II. L’ Holoprosencéphalie, une pathologie du cerveau antérieur
5. Le modèle multihit
Plus récemment, la voie de signalisation FGF a été reliée à l’HPE via des mutations dans le gène FGF8 (Arauz et al., 2010). L’inactivation de Fgf8 chez la souris entraîne une anomalie du diencéphale ventral et des dysfonctionnements hypothalamiques et pituitaires (McCabe et al., 2011). Chez des souris mutantes pour la voie Wnt menant à une perte de fonction de la caténine, l’expression de Fgf8 est dramatiquement diminuée au niveau de l’ANR et de l’ectoderme facial chez les embryons associés à des défauts de développement du prosencéphale (Wang et al., 2011b). Plus particulièrement, la protéine FGF8 dans le modèle murin d’HPE, joue un rôle important dans la différenciation du prosencéphale (Arauz et al., 2010; Storm et al., 2006).

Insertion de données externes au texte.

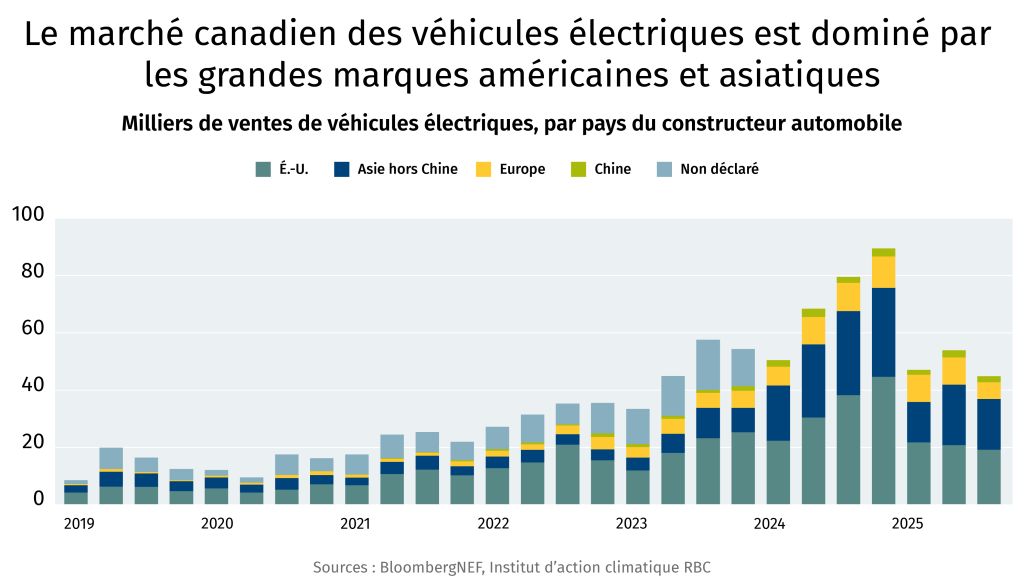 Environ la moitié des véhicules importés de Chine coûteront moins de 35 000 $ d’ici 2030. Le prix d’achat moyen d’un véhicule électrique au Canada en 2024-2025 était d’environ 67 000 $.

Une autre étude chez un double mutant pour les récepteurs Fgfr1/ ; Fgfr2/, démontre que la signalisation Fgf agit en aval de Shh et Gli3 pour spécifier les cellules télencéphaliques (Gutin et al., 2006).
En résumé, l’ensemble de ces patients HPE conforte l’existence d’une régulation croisée entre plusieurs voies de signalisation au cours du développement précoce du cerveau (Figure 17).
5. Le modèle multihit
A la vue du spectre phénotypique et des multiples voies de signalisation impliquées dans l’HPE, il est suggéré que cette pathologie relève d’un mode de transmission « multi hit ». Cela signifie qu’un ou plusieurs évènements sont nécessaires pour provoquer l’apparition de l’HPE. Cette hypothèse est également étayée par les cas de digénismes observés chez l’animal et chez l’Homme.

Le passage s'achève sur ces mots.